EDIT: These are incredibly valuable, far more than any kind of job-training education. BUT, that's assuming that's what you actually get. Based on my knowledge of universities... that's not what you get.

My computer science degree required I get a passing grade in a public speaking class.
...a traditional liberal arts education is, by definition, not intended to prepare students for a specific vocation. Rather, the critical thinking, civic and historical knowledge and ethical reasoning...

It strikes me as obvious that critical thinking ability is best trained with math.

Civic and historical knowledge can be learned much like any specific skill can.

So it wood seem the humanities are a very round about way of teaching critical thinking. But I think the last paragraph strikes at a core truth rarely spoken out loud:

That may be unfortunate but inevitable, Mr. Kronman said. The essence of a humanities education — reading the great literary and philosophical works and coming “to grips with the question of what living is for” — may become “a great luxury that many cannot afford.”

Within the above paragraph is the hard truth that a humanities education is most often a way to show off class and breeding. Class and breeding are highly correlated with wealth.

> It strikes me as obvious that critical thinking ability is best trained with math.

Writing a cogent and convincing argument is not a problem that can be solved with linear algebra. Ethics is not the differential equations of competing interests. That you would consider a good math education to be a core component of critical thinking appears to serve as an example proof of why engineers are poorly trained in critical thinking skills.

Proving a mathematical theorem is the kind of absolute proof no amount of cogent and convincing arguing will ever touch.

Ethics is a set of rules, critically occupied with filtering out simple egoistic urges from greater human goals.

I think you're confusing critical thinking with empathy and emotional insight.

To understand humans, you have to understand our emotions and that requires empathy. Combine empathy with critical thinking and you can have insights about our emotional lives.
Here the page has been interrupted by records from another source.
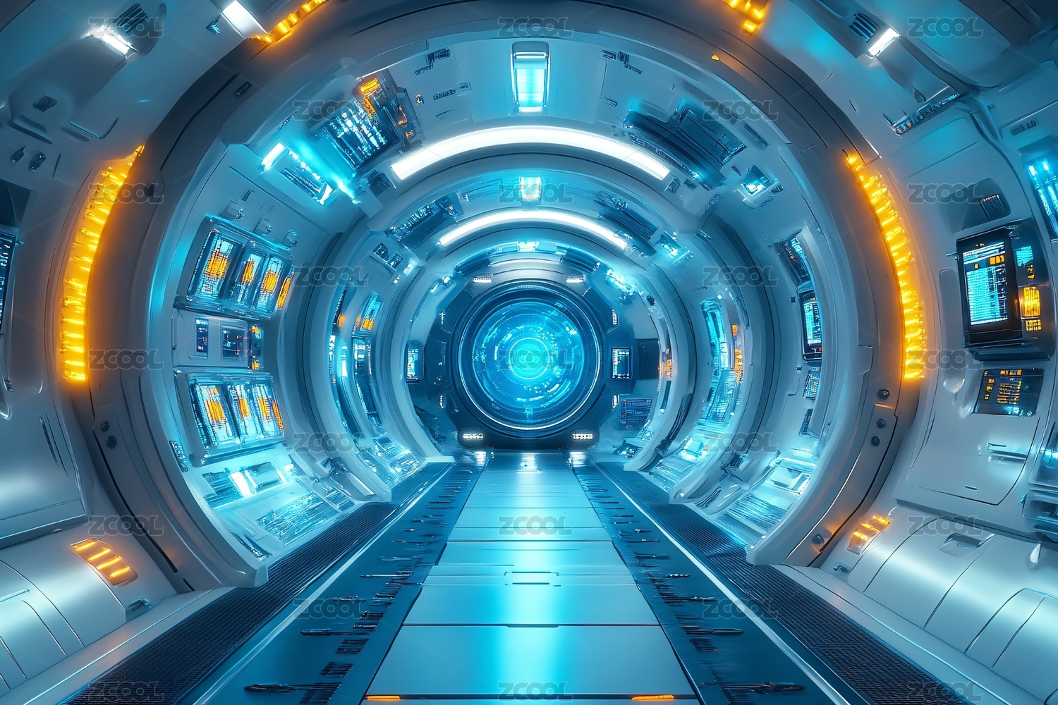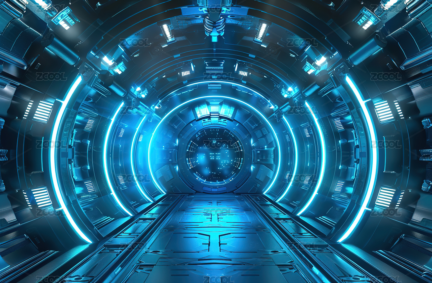 蓝色科幻空间太空仓内部,科技空间广场平台
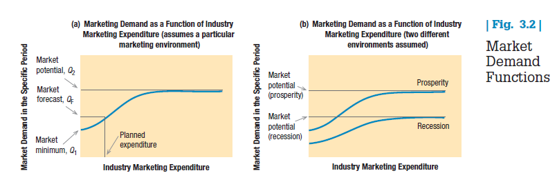 The phrase “for a given market environment” is crucial. Consider the market potential for automobiles. It’s higher during prosperity than during a recession, as illustrated in Figure 3.2(b). Market analysts distinguish between the position of the market demand function and movement along it. Companies cannot do anything about the position of the market demand function, which is determined by the marketing environment. However, they influence their particular location on the function when they decide how much to spend on marketing.
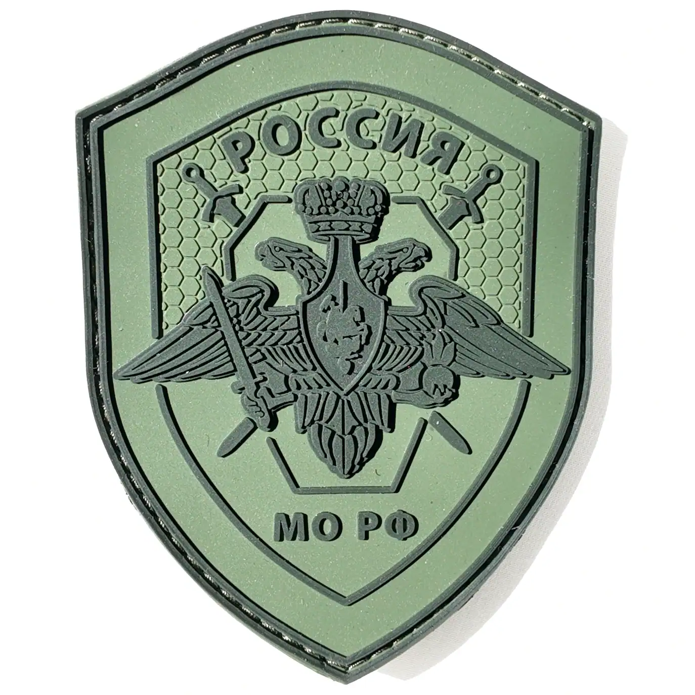 This 9×7 cm PVC patch features the official emblem of the Ministry of Defense of the Russian Federation (MO RF). Rendered in subdued military green tones, the patch displays the double-headed eagle with sword and scepter — the standardized symbol worn by personnel across various branches of the Russian Armed Forces.
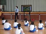 今日は、体育委員会のメンバーが1年生に向けて体育館での遊び方や使用日について説明しました。
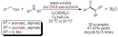 最近,该研究小组又应用Au-DNA非均相催化剂于酰胺化反应,成功实现各种醇类和胺类的直接酰胺化。实验结果表明,在Au-DNA的非均相催化作用下,带有不同官能团的醇类化合物和胺类化合物都能被用作反应底物,反应可以在水中温和、高效的进行。以前难以反应的芳香醇和芳香胺在该条件下都能够直接酰胺化。相关工作发表在Angew. Chem. Int. Ed., 2011, 50, 8917-8921。
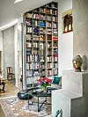Bokhyllorna är platsbyggda av Claes. De täcker hela väggen och följer takets fall. Stegen, som är en förutsättning för att nå böckerna högst upp, sitter i en skena och är flyttbar.
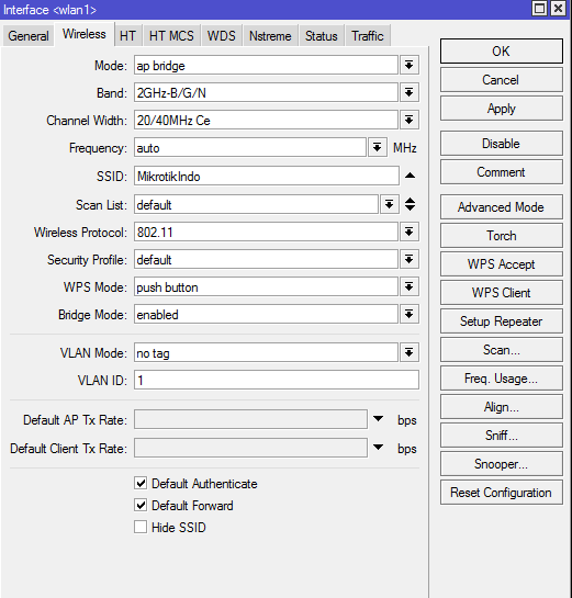 4. Aktifkan (enable) interface wlan1 (wireless) nya. Masuk ke menu wlan1 nya, silakan setting mode AP Bridge --> SSID : isikan nama sinyal Wireless nya (SSID) --> pilih frekuensi yang diinginkan --> selebihnya silakan setting sendiri sesuai kebutuhan --> OK

Engineers are not poorly trained in critical thinking skills, quite the opposite.

Some engineers are very empathic people. A few seem to posses a distinct lack of empathy and little intuition as to how other feel. But those individuals are rare and not confined to engineering.

Convincing arguments depend on who you're trying to convince, know your audience. The same argument won't convince engineers and astrologists.

Any good engineer has excellent communication skills, they wouldn't be a good engineer otherwise. And cogent convincing arguments are an intimate part of every engineer's life.

The study of math, physics, logic, will greatly improve your ability to come up with convincing arguments.

> The study of math, physics, logic, will greatly improve your ability to come up with convincing arguments.

As will the study of history, philosophy, rhetoric, and psychology. Let's be honest here. Physics has no place in that list, logic is a subset of math, and a strong case could be made that math is just applied philosophy/epistemology (and the reverse is also true.) There is a reason that math is considered a liberal art and not an engineering discipline...

There is a difference between real "higher math" and the applied math that engineering students learn as a part of their vocational training. The former is useful for enhancing critical thinking, the latter is not.

And math, real math, is not about the mindless execution of predefined algorithms such as linear algebra. It is about understanding those algorithms, using higher-order logic to understand what is universally true, conditionally true, and so forth.
From the article: The essence of a humanities education — reading the great literary and philosophical works and coming “to grips with the question of what living is for” — may become “a great luxury that many cannot afford.”

Good Will Hunting rebuts this quite well:

You wasted $150,000 on an education you coulda got for $1.50 in late fees at the public library.

A humanities education is not a luxury that no one can afford. A humanities degree is.